NIH grants high reward for high-risk health innovations
The National Institutes of Health granted two University of Florida engineering professors with New Innovator Awards, securing research funding that could revolutionize invasive surgical implants and improve understanding for disease detection.
Part of the High-Risk, High-Reward research program, the NIH awards support creative early career investigators pursuing innovative, high-impact projects. This is the first time UF has won two New Innovator awards in one year, according to the NIH.
UF’s recipients are Xiao Fan, Ph.D., an assistant professor at UF’s J. Crayton Pruitt Family Department of Biomedical Engineering, and Adam Khalifa, Ph.D., an assistant professor in Electrical and Computer Engineering.
Fan was awarded $1.5 million to explore DNA functionality using language models. The grant will cover the project for three years.
“The most innovative idea in this proposal is comparing DNA sequences to natural languages, like English,” Fan said. “Ultimately, we are trying to understand the causes of human genetic diseases.”
She plans to examine DNA sequences from different species and then build a model that can provide a larger picture of DNA sequences not just limited to humans. This research will use artificial intelligence – tapping into UF’s supercomputer HiPerGator – to create the language model, which will use vast datasets of DNA information to predict patterns.
“Inspired by recent advancements in natural language processing, we recognize significant prospects for employing a similar approach to study DNA sequences as a form of biological language,” Fan noted. “Our central concept revolves around developing an advanced DNA language model.”
She said the research combines linguistics with the way researchers study protein structures.
“Our model holds the potential to reinvigorate the research of DNA structure and functionality,” she noted.
Khalifa was awarded a $1.5 million grant to research minimally invasive, wireless medical devices to manage and prevent a myriad of diseases. This five-year project strives to make medical procedures more precise and less invasive with wireless microdevices that can be injected rather than requiring surgical implantation.
“Our research doesn’t necessarily create new applications for these implants. Instead, we focus on making existing technologies less invasive, so more people might consider them for nervous system therapies,” said Khalifa, who leads the Neural Interface Technology Lab.
“The ultimate goal is to develop devices that are battery-free, injectable microchips that can be deployed anywhere in the body,” Khalifa wrote in his project summary.
Implantable devices are often used to treat neurological conditions such as Parkinson's disease, where they help alleviate motor symptoms. In epilepsy, the implantable devices can ease or prevent seizures.

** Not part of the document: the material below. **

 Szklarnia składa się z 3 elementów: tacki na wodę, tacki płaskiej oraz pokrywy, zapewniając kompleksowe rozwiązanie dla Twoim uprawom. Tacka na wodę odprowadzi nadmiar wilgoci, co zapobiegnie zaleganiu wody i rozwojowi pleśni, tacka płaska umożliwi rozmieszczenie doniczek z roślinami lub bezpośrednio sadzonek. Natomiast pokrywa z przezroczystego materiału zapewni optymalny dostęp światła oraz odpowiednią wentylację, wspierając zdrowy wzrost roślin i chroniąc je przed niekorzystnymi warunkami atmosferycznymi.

“The challenge with implants today is that they can be intimidating, especially if they involve the brain,” Khalifa said. “Even though they have shown to be remarkable and life-changing, people are still hesitant to use them because of concerns about brain intervention."

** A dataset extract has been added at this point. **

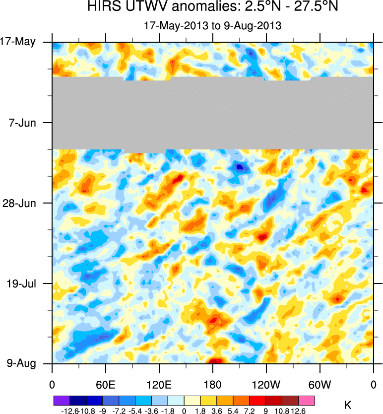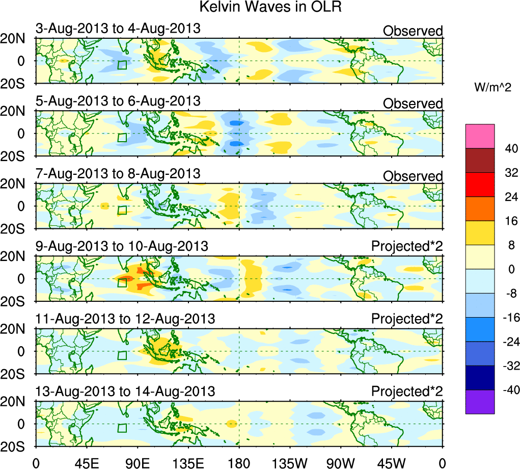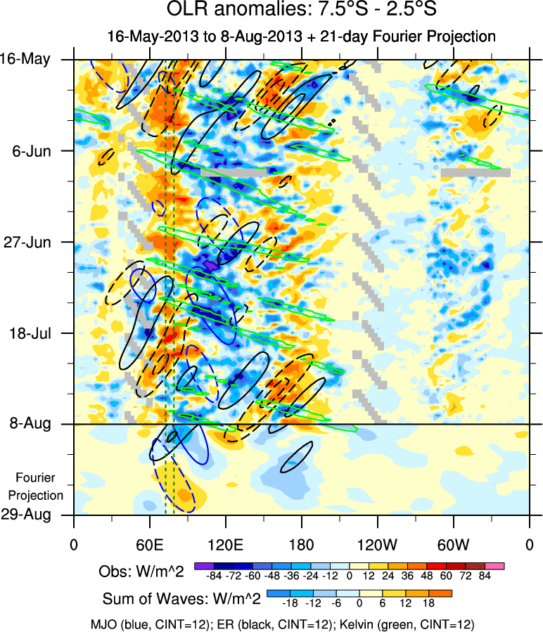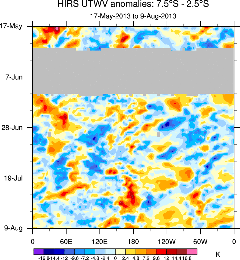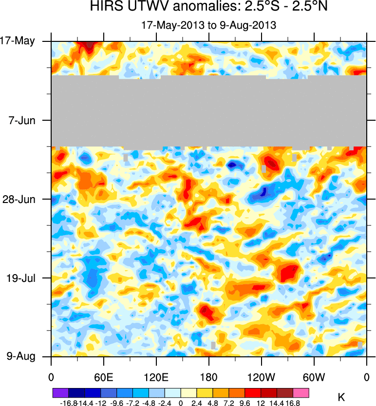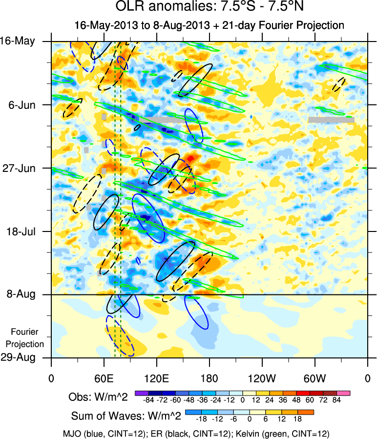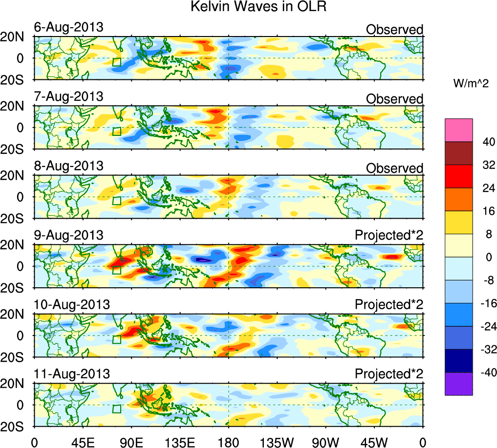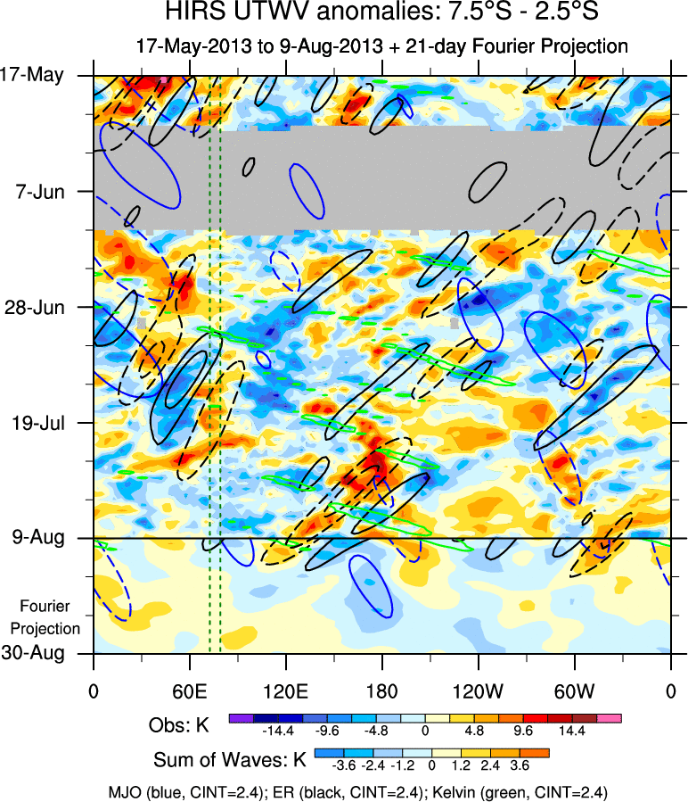 To identify tropical waves in near real-time, the OLR and UTWV data are filtered following Wheeler & Weickmann (2001 MWR). The daily anomalies are calculated using the first 3 harmonics of the seasonal cycle for 1979–2009. Missing values are then filled using linear interpolation in space and time. The most recent 365 days of anomalies are padded with 659 days of zeroes, and the result is filtered for each wave type.

“Though our approach is still invasive, we’re shifting from large, visible implants to micro-scale devices—nearly invisible to the eye but fully functional,” said Khalifa.
The project involves interdisciplinary collaboration with health care workers, innovations in integrated circuits, wireless power, materials science, and microfabrication, he noted.

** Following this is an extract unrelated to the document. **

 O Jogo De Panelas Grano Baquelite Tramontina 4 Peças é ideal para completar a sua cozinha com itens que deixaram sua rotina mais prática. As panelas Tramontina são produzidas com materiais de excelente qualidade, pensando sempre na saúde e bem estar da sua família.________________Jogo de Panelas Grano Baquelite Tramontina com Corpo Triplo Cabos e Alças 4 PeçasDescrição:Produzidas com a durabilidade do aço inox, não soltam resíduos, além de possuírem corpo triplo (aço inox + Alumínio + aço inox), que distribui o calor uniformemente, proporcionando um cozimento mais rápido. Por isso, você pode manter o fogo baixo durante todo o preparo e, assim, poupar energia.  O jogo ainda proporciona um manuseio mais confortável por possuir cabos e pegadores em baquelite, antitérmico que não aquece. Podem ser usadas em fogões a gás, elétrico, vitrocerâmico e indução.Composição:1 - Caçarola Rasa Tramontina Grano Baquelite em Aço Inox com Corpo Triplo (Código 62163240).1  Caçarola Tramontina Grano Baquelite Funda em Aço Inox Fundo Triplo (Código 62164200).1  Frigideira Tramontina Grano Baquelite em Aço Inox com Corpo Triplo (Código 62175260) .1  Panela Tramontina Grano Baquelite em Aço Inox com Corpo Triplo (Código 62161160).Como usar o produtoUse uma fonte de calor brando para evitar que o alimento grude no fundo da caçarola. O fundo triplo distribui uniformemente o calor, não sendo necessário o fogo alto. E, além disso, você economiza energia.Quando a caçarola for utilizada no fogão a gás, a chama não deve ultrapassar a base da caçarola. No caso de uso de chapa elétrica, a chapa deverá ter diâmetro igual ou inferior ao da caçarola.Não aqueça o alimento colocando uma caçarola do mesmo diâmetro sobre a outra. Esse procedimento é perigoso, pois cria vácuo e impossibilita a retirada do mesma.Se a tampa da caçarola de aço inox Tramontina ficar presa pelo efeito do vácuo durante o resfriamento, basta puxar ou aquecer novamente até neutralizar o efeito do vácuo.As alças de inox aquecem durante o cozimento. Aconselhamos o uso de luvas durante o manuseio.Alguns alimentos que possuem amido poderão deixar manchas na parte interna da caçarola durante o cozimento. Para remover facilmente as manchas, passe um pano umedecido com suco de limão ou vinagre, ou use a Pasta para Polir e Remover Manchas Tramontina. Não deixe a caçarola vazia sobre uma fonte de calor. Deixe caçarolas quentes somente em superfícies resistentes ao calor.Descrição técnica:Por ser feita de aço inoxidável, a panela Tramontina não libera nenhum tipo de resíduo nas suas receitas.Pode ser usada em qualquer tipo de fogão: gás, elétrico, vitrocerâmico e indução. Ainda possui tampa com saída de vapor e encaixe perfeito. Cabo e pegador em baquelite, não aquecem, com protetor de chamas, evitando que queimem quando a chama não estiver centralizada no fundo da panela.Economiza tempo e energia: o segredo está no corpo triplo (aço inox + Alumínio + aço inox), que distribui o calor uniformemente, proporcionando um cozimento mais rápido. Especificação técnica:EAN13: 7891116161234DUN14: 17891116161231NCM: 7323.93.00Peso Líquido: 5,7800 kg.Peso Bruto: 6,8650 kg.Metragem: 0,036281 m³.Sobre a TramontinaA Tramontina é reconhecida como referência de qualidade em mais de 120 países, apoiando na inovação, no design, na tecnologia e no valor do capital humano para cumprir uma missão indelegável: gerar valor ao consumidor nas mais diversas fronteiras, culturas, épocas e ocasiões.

The NIH Common Fund awarded 67 High-Risk, High-Reward Research Awards in 2024, totaling about $207 million over five years. Fan and Khalifa will be honored at the High-Risk, High-Reward Research Symposium in June 2025 in Bethesda, Maryland.
Fan has won the K99/R00 Pathway to Independence Award and the Andrew Stewart Memorial Graduate Prize. She also received the Alberta Innovates Graduate Student Scholarship while completing her Ph.D. in bioinformatics at the University of Alberta. She received her bachelor’s degree in electronic information science and technology from the Ocean University of China.
Khalifa was named an NIH T32 Fellow in 2019 and a Ferdinand H. Fellow in 2018. He earned his Ph.D. in electronic and computer engineering at Johns Hopkins University and his master’s and undergraduate degrees from Hong Kong University of Science and Technology.